Speaking at the Irish Water, Waste & Environment/Irish Recycling Waste & Management exhibitons last week, Jose Ospina, project manager of the Dublin-based Heatsun initiative explained how his team had taken a wider look at waste.

"Waste computers are the fastest growing waste stream in the EU," he told delegates.

"At the moment most are being exported to developing countries or melted down.

"That kind of recycling is a very energy intensive process and doesn't really make any savings and they could be put to better use by reusing them."

Project Heatsun has taken a multi-faceted approach to this problem, looking at ways to not only reduce waste but to address social issues in Ireland at the same time.

Mr Ospina outlined Ireland's digital divide, with only around 10% of those on low incomes having regular access to IT while for those on higher incomes that figure was around 90%.

Reconditioned computers using useful components from obsolete machines could help bridge this gap, he said.

Project Heatsun is a partnership of the private and public sector and community groups, under the auspices of the EU's LIFE environment programme.

It takes a holistic approach looking at ways to reduce, reuse and recycle computer waste.

To reduce waste the project has undertaken research and development work to produce a Green Computer that attempts to cut out as much waste as possible during the manufacturing process and use environmentally-sensitive materials.

The resulting machine, with distinctive wooden casing, looks set to become the first computer to receive the EU's Ecolabel and has had to meet strict criteria on energy efficiency, emissions, noise pollution and safe components.

Another arm of the project has been busy recycling old machines and their components, while helping to boost the local economy.

Creating around 40 jobs for the long-term unemployed and school leavers having difficulty finding work, the project has set up a workshop where broken or outdated computers are reconditioned to create working machines.

Many of the reconditioned machines are then used by community groups and other social enterprises, with the remainder being sold to the public, often those on low incomes.

There have also been efforts to work with business to look at less wasteful procurement models so existing machines can be upgraded rather than replaced when they come to the end of their useful life.

The project has not been without its problems, however, though these have provided valuable lessons in themselves.

Marketing the reconditioned machines has uncovered a need to address cultural hang-ups over second hand goods, which are often perceived as lower quality.

"The problem is most people think that anything that's reused is by its nature inferior,"

"This is obviously not true, as a high-spec reused computer is better than a low-spec new one."

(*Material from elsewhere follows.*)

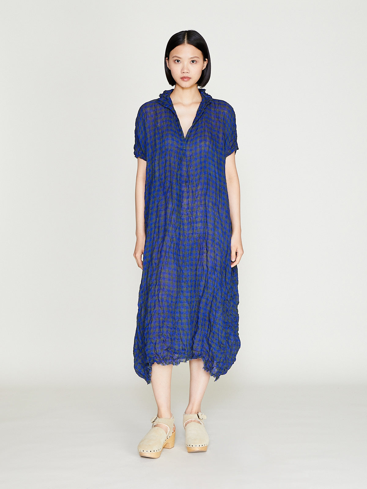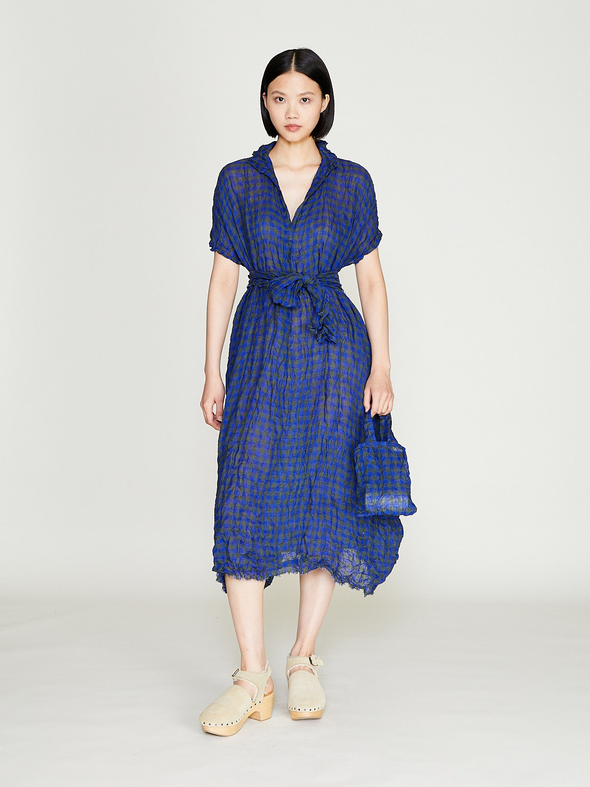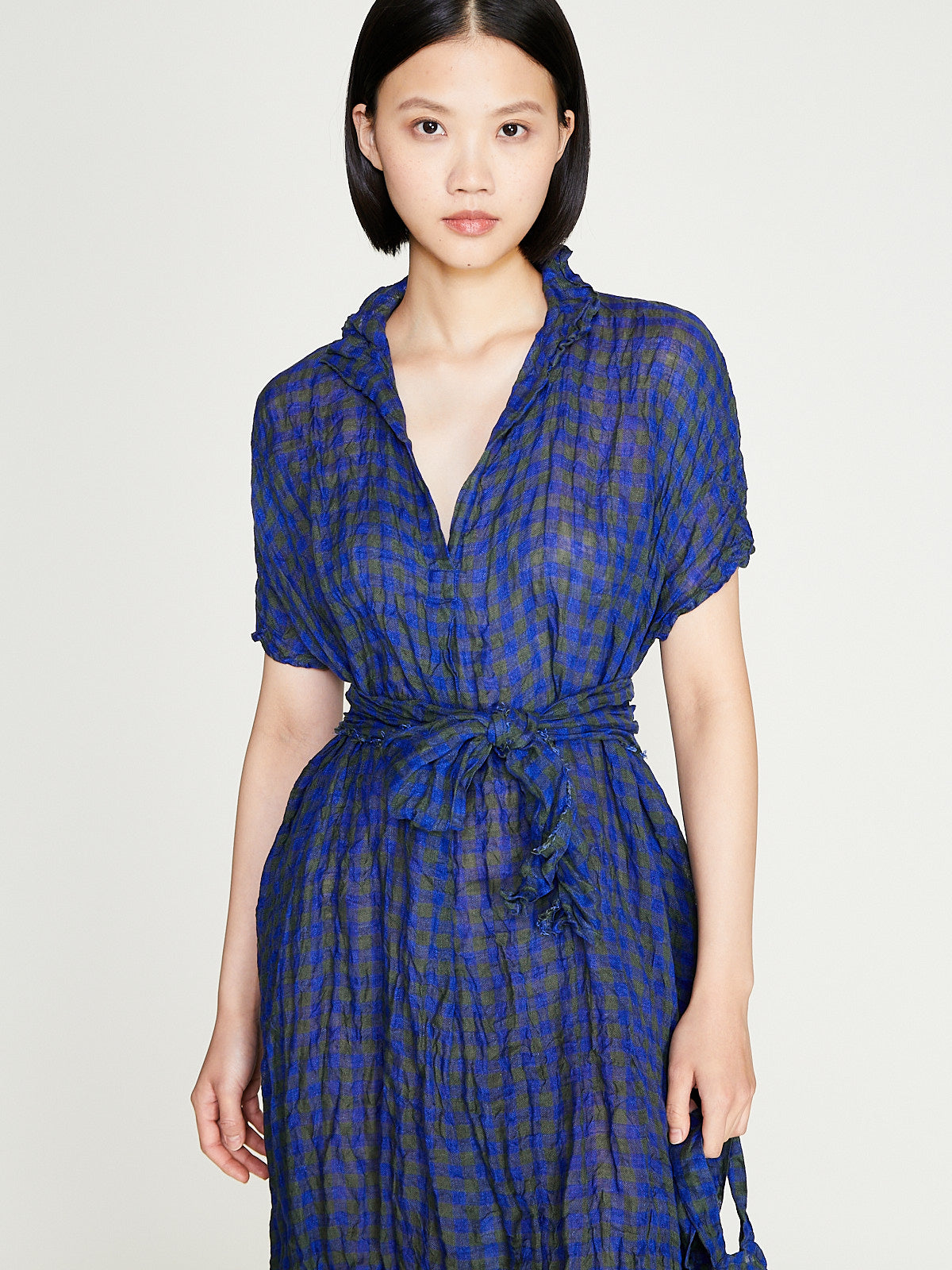 Relaxed dress in washed khaki green/blue checked linen. V-neckline with a small collar and short dolman sleeves. Side seam pockets and midi length. Cinch the silhouette with the removable fabric belt. Comes with a small matching tote bag. 1cm checks.

The project also found it had to experiment with different ways to structure it collections.

Initially local authorities organised the collection of the IT equipment as they had the experience and infrastructure in place for waste collection.

A series of collection points were set up around the city, usually sharing the site of established recycling bring bins, but this proved ineffective.

"Most of the equipment left there was beyond repair, either because it had been ruined before people left it or because it had been exposed to the elements," said Mr Ospina.

"What we were getting from the civic amenity sites was unfortunately way below our expectations so now we're increasingly looking towards corporate sources as the most reliable way."

The project was well established before the WEEE directive was implemented in Ireland and acts as a beacon of how things could be made to work once it is adopted elsewhere.